Boston Properties attempted to sell 5 Times Square in early 2006 to Istithmar World. However, Istithmar declined to buy the building because of tax concerns, specifically the fact that EY would be the auditor for the sale. After putting the building back for sale in October 2006, Boston Properties sold it the following month to AVR Realty for $1.28 billion in cash, or about 1125 $/ft2. The sale, a record for the time, was part of a trend of real estate investment trusts purchasing Midtown property in the mid-2000s. That year, NBC Universal erected a screen and two billboards above the building's Champs Sports store, totaling 3,500 ft2. Cosmetics store Sephora opened a store at the building's base in July 2009.

==== 2010s and early 2020s ====
AVR hired CBRE Group to market the building in 2011 in advance of a possible sale. A group led by David Werner purchased 5 Times Square in 2014 for $1.5 billion, the largest office transaction in the city in four years. Werner's group acquired a mezzanine loan of $150 million from RXR Realty. In early 2016, RXR purchased a 50 percent stake for $800 million. At the time, the $1 billion loan that had been used to finance Werner's purchase of the building was expected to come due in March 2017. EY was also looking to vacate up to 170000 ft2 at 5 Times Square, though it had five years remaining on its lease. At the expiry of the original loan, RXR and Werner secured a $1.4 billion refinancing with Morgan Stanley. This included restructuring an existing $782 million loan and a new mezzanine loan of $618 million. EY indicated in late 2017 that it would move to 1 Manhattan West when its 5 Times Square lease expired. and Champs Sports also relocated in 2018. Sephora planned to relocate as well.

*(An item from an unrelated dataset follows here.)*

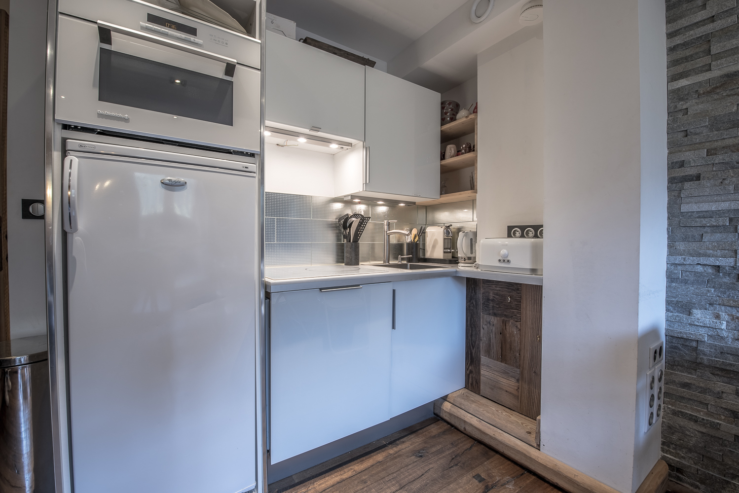 - Cuisine ouverte avec plaques induction, four, mircro-ondes, lave-vaisselle et machine à café Nespresso

During the COVID-19 pandemic in New York City in August 2020, SL Green Realty indicated it would sell a $126 million mezzanine loan on the property to raise money. RXR and Werner had used $200 million of their own equity to renovate the building. RXR spent $50 million to renovate the interiors just before the expiry of EY's lease in 2022. The work included refurbishing the lobby, replacing the exterior signs, and adding an elevator within the subway entrance, as well as adding an amenity area with a bar, gym, and restaurant. In January 2022, Roku, Inc. leased 240000 ft2 on the building's top eight floors, as well as the rights to control the vertical sign on Seventh Avenue. Shortly afterward, RXR sought to refinance the building for $1.5 billion. In September 2022, RXR refinanced the building with a $1.3 billion loan from multiple firms including Morgan Stanley and Apollo Global Management. SL Green also became a partner in the renovation, changing its mezzanine loan into an equity loan. Only 31% of the building's space was occupied at the time. By 2023, Miniso had opened a variety store within the building.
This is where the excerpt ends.